A fé esvazia o sentido da
ressurreição de Jesus quando não se pergunta pelas razões de sua morte. Ele não
queria morrer, suplicou a Deus que afastasse dele aquele cálice de sangue.
Hélio Pellegrino, psicanalista e
escritor, dizia que não há nada mais radical do que crer na ressurreição da
carne, conforme professa o dogma cristão. E registrou isso no texto “Aposta
pascal”.
O que significa acreditar, hoje, na
ressurreição da carne? Carne significa, para a doutrina cristã, a consistência
material do Universo. Segundo o apóstolo Paulo, não apenas os seres humanos
ressuscitarão com Jesus, mas toda a Criação (Carta aos Romanos 8).
Por mais fantasiosa que esta crença
ressoe aos ouvidos de quem não tem fé, o fato é que ela é a única possibilidade
de derrotar o nosso inimigo inelutável: a morte. Essa dama da foice que, à luz
da razão, diz a última palavra, ainda que a ciência se empenhe em prolongar a
nossa existência (haja cirurgias e malhação!), é subjugada pela esperança de
que há luz no fim do túnel.
A Páscoa, na sua origem hebraica, é um
fato político: sob o reinado do faraó Ramsés II, em 1250 a.C., liderados por
Moisés, os hebreus se libertaram da escravidão no Egito. Basta isso para que,
hoje, ela seja comemorada como incentivo a combater toda forma de opressão,
preconceito e discriminação.
Nascemos do mesmo modo, ao morrer teremos
todos o mesmo destino e, no entanto, as desigualdades imperam em nosso modo de
viver. Diferenças de condições sociais e culturais incutem em nós óticas
deturpadas e, em geral, criminosas, em relação ao outro. É o caso do homem que
se julga superior à mulher, do branco que discrimina o negro, do heterossexual
com preconceito ao homo, do rico indiferente ao pobre.

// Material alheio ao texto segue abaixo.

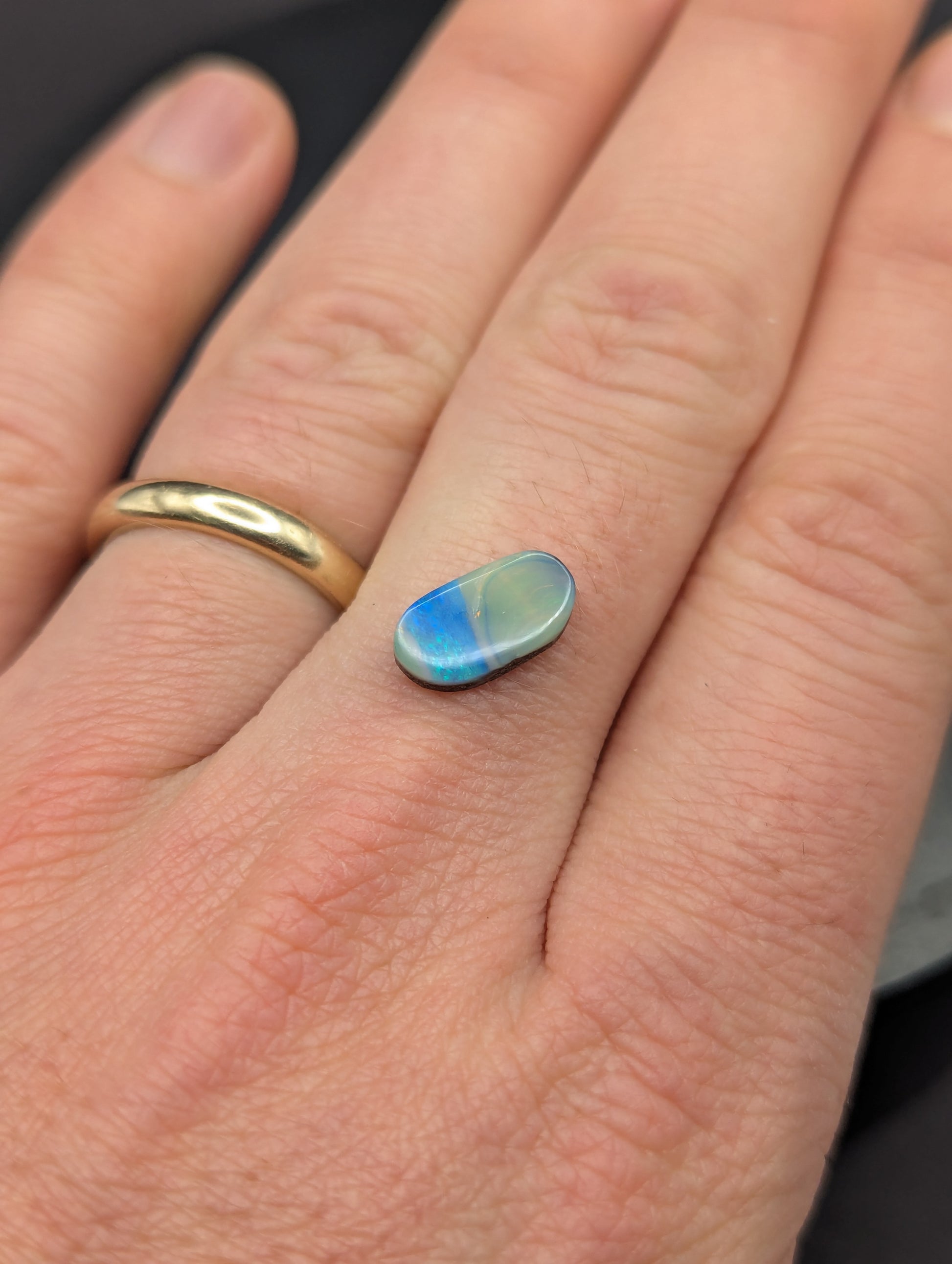 A stunning boulder opal cut and polished in the David Forshee Jewelry studio.
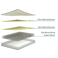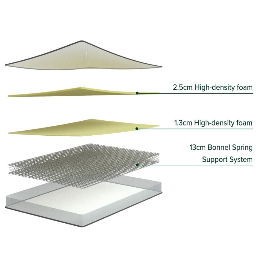 - Materials: 12.7cm bonnell spring; 2.54cm high density foam for top quilting; 1.3cm high density foam; felt cloth bottom; 100% knitted jacquard polyester fabric top
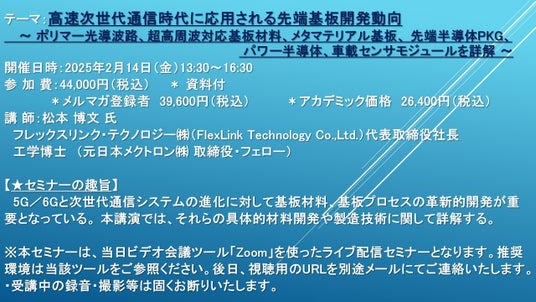 先端技術情報や市場情報を提供している(株)シーエムシー・リサーチ(千代田区神田錦町: https://cmcre.com/ )では、 各種材料・化学品などの市場動向・技術動向のセミナーや書籍発行を行っておりますが、 このたび「高速次世代通信時代に応用される先端基板開発動向 ~ ポリマー光導波路、超高周波対応基板材料、メタマテリアル基板、 先端半導体PKG、パワー半導体、車載センサモジュールを詳解 ~」と題するセミナーを、 講師に松本 博文 氏 (フレックスリンク・テクノロジー(株)(FlexLink Technology Co.,Ltd.)代表取締役社長 工学博士 (元日本メクトロン(株) 取締役・フェロー))をお迎えし、2025年2月14日(金)13:30より、 ZOOMを利用したライブ配信で開催いたします。 受講料は、 一般:44,000円(税込)、 弊社メルマガ会員:39,600円(税込)、 アカデミック価格は26,400円(税込)となっております(資料付)。
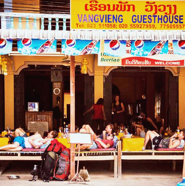 Vang Vieng é uma cidade rural do Laos com cerca de 50 000 habitantes entre Luang Prabang e Viantiane. Às margens do rio Nam Song, é rodeada por um bonito panorama de montanhas cársticas de calcário (paredões rochosos cheios de sulcos e cavernas) e campos de plantação de arroz, com balões voando no horizonte. Mochileiros desembarcam ali pra descer de boia na leve correnteza do Nam Song, fazer trilhas e escalada, curtir a vida noturna (inexistente no resto do Laos) e ficar numa boa.
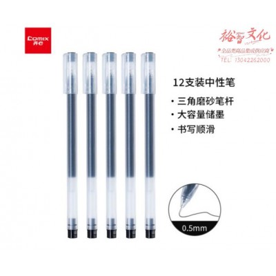 齐心(Comix)巨能写大容量中性笔签字笔水笔考试办公会议笔0.5mm 12支装 GP353 黑色SKU:yzwhyp955846
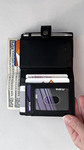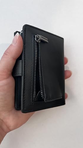 • A lightweight and very durable aluminum cardholder is integrated into the wallet, which holds 5 embossed cards or 8 non-embossed cards. The wallet can hold a minimum of 14 non-embossed or 11 embossed cards. There is a place for a driver's license / identity card.
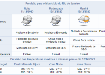 Noticias 11 de dezembro de 2023 Fim de tarde de segunda-feira com previsão de pancadas isoladas de chuva | Confira os próximos dias
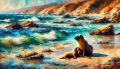Ocean Embrace: A Sea Lion and Pup Amidst Surreal Waves
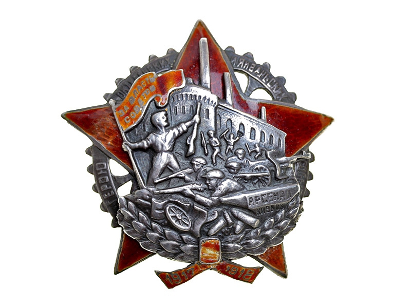 Знак был учрежден Киевским Окрисполкомом в 1927 г. в память о событиях 1917–1918 гг. на заводе "Арсенал" в Киеве. 3 октября 1917 года рабочие киевского завода "Арсенал" подняли вооруженное восстание. В результате власть в Киеве перешла к ревкому. В январе 1918 года Центральная Рада захватила власть в свои руки.
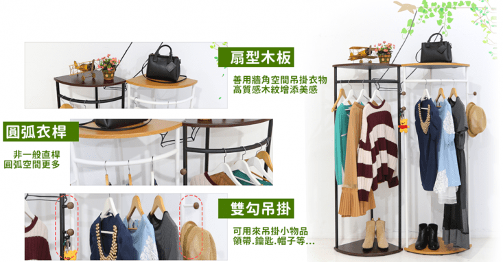 轉角多功能衣帽架吊衣架,有效運用角落收納,讓收納不再只侷限於平面了,讓角落也可以很好收!採用噴砂霧面烤漆與木製無印風格相互搭配,使空間更有美感~ 上下置物平台方便放好放滿,讓您輕鬆擺放包包、衣物或帽子!現在就來跟上角落收納的風潮吧~ ❤
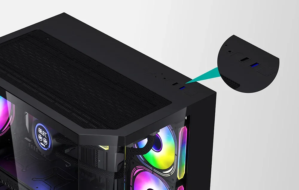 FT350 ļauj izveidot paplašinātu siltuma izkliedes sistēmu – tajā ietilps līdz 7 ventilatoriem. Varat arī uzstādīt 240 mm ūdens dzesēšanu. Tas viss ļaus brīvi spēlēt dinamiskas spēles vai veidot sarežģītus grafikas projektus – neuztraucoties, ka dators pārkarsis! Turklāt komplektā atradīsiet piecus jaudīgus ARGB ventilatorus, kas izceļas ne tikai ar augstu efektivitāti, bet arī ar modernu, stilīgu dizainu.
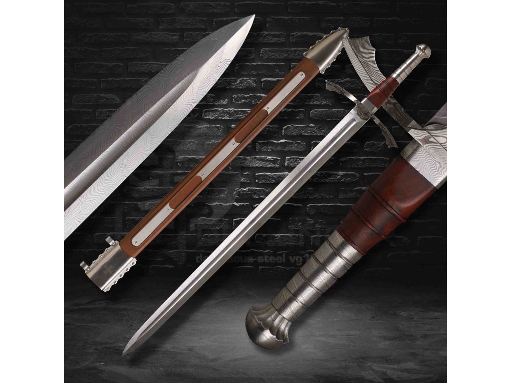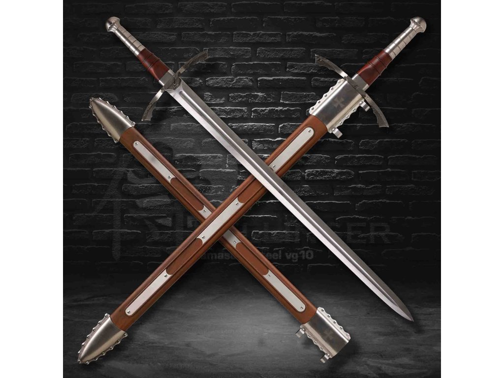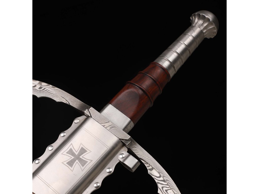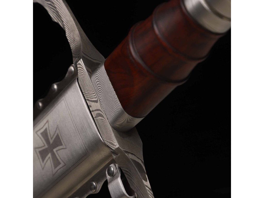 Dlouhá, rovná a oboustranně broušená čepel, která je ideální pro sekání i bodání. Pro čepel byla použita velmi kvalitní damašková ocel s výrazným vrstveným vzorem o délce 700 mm. Jílec s lehce zakřivenou damaškovou příčkou, která chrání ruku bojovníka před údery protivníka. Dostatečně dlouhá rukojeť, tak aby ji bylo možné uchopit oběma rukama, což zajistí lepší kontrolu a sílu úderu. Zdobená damašková hlavice skvěle vyvažuje a zakončuje meč. Dřevěná pochva s kováním a zdobením nese křižáckou symboliku. Křižácký meč je ideální dárek, může se stát sběratelským kouskem nebo dekorací, ale zároveň se jedná o zdařilou a plně funkční repliku bojového meče.
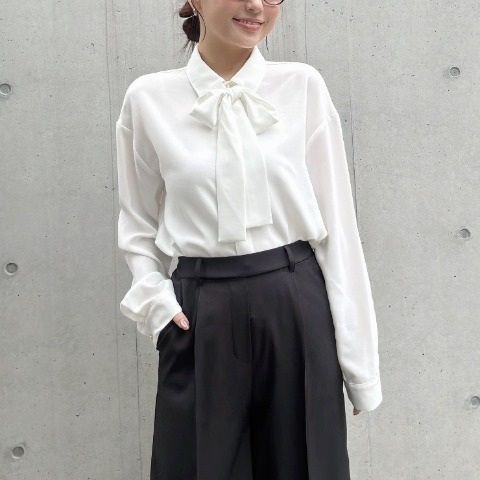 リボンは取り外し可能なので、シンプルなシャツとしても着用可能◎

Exemplos atuais são a criminalização dos
imigrantes pelos países ricos, a suspeita de que todo muçulmano é um terrorista
em potencial, e os discursos eleitorais dos pré-candidatos republicanos às
eleições presidenciais nos EUA.
A Páscoa, para os cristãos, além do ato
político encabeçado por Moisés, é sobretudo a proclamação de que Jesus,
assassinado em Jerusalém por volta do ano 30 de nossa era, condenado por dois
poderes políticos, venceu a morte e manifestou a sua natureza também divina.
Uma fé que comporta a crença na divindade
de um pregador tido como subversivo pelas autoridades de seu tempo, deve ao
menos se perguntar: por que o assassinaram? Não era um homem tão bom? Não fez
apenas o bem?
A fé esvazia o sentido da ressurreição de
Jesus quando não se pergunta pelas razões de sua morte. Ele não queria morrer,
suplicou a Deus, a quem tratava com a intimidade relacional de filho para pai,
que afastasse dele aquele cálice de sangue. Teve medo. Refugiou-se numa
plantação de oliveiras. Preso, não negou o que fizera e pregara, e pagou com a
vida a sua coerência.
Assassinaram Jesus porque ele queria o
óbvio. Este óbvio é tão óbvio que, ainda hoje, muitos fingem não enxergá-lo:
vida em plenitude para todos (João 10, 10). Ora, não é preciso saber economia,
basta a elementar aritmética, para se dar conta de que há suficiente riqueza no
mundo para assegurar vida digna a seus 7 bilhões de habitantes.
A renda per capita mundial é, hoje, de
US$ 9.390. Porém, basta olhar em volta para ver nossos semelhantes jogados nas
calçadas, catando lixo para se alimentar, morando em favelas, submetidos ao
trabalho escravo. Basta ligar a TV para se deparar com o rosto cadavérico dos
africanos famintos. Basta abrir o jornal para ler que 2∕3 da humanidade ainda
vivem abaixo da linha da pobreza. E 20% da população mundial concentra em suas
mãos 84% da riqueza global.
Páscoa significa passagem, travessia.
Domingo, nós cristãos iremos à igreja celebrar esta que é a mais importante
festa litúrgica. E o que muda em nossas vidas? Vamos sair do nosso comodismo
para ajudar a quebrar as amarras da opressão? Vamos deslocar a nossa ótica do
lugar do opressor para encarar a realidade pelos olhos do oprimido, como
sugeria Paulo Freire?
É fácil ter religião e professar a fé em
Jesus. O difícil é ter espiritualidade e a fé de Jesus.
Feliz Páscoa, queridos(as) leitores!